Cortier’s head jerked back, I suspected, in horror. Then I realized who Willasteen reminded me of, Aunt Miriam. I would say it must run in the family, but Aunt Miriam was a Watts and no relation to the Plasketts.
 

“Yes, ma’am. Of course I remember you.” Her eyes switched to me. “Who is he, Mercy?”
 

“I have no idea.”
 

She frowned.
 

“But I know who sent him and it wasn’t for me.” I gave her Stevie’s details and then ran through the events. It took about three minutes. There wasn’t much to say and I found it very dissatisfying.
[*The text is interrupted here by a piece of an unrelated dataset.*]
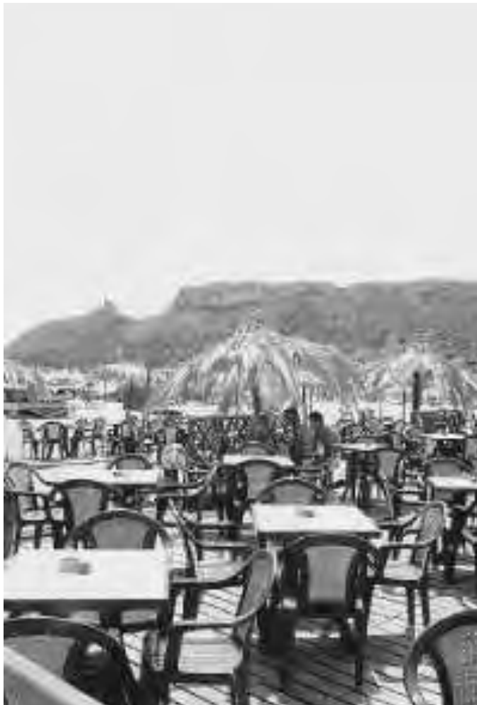
Il caso Poetto-baretti anima il dibattito in Consiglio comunale

Agli uffici, poi, il compito di precisare gli aspetti tecnici del Pul.

An incident of that magnitude should take longer to explain, but, as Cortier pointed out, death doesn’t take that long to accomplish.
 

“And how did you two come to be here?” Cortier asked Tiny.
 

“We were coming over to visit. We’re family,” interjected Aunt Willasteen.
 

Cortier stopped writing in her little pad.
 

“You don’t believe me?”
 

“Ma’am, I believe everything you say,” Cortier replied smoothly as she looked for a family resemblance and found it. Willasteen and I had identical widow’s peaks.
 

After she finished taking our statements, I refused an ambulance for a second time. I wasn’t hurt, not where any doctor could find the injury anyway and I didn’t want to be poked and prodded. I sat in a lawn chair, swathed in quilts, and looked through the family albums with Tiny and Aunt Willasteen. The body was directly in front of me, lying in its pool of coagulated blood. After a couple of hours, it ceased to feel like it had anything to do with me. Mom would later tag that disconnected feeling as denial. Whatever. It worked for me, because that body was there for over four hours as they processed the scene. Evidence gathering is a long, drawn out process and when they finally carted the body away, the stretcher passed my mother and Aunt Miriam. Cortier had called Dad and he got Big Steve to borrow a private plane for them to fly down in.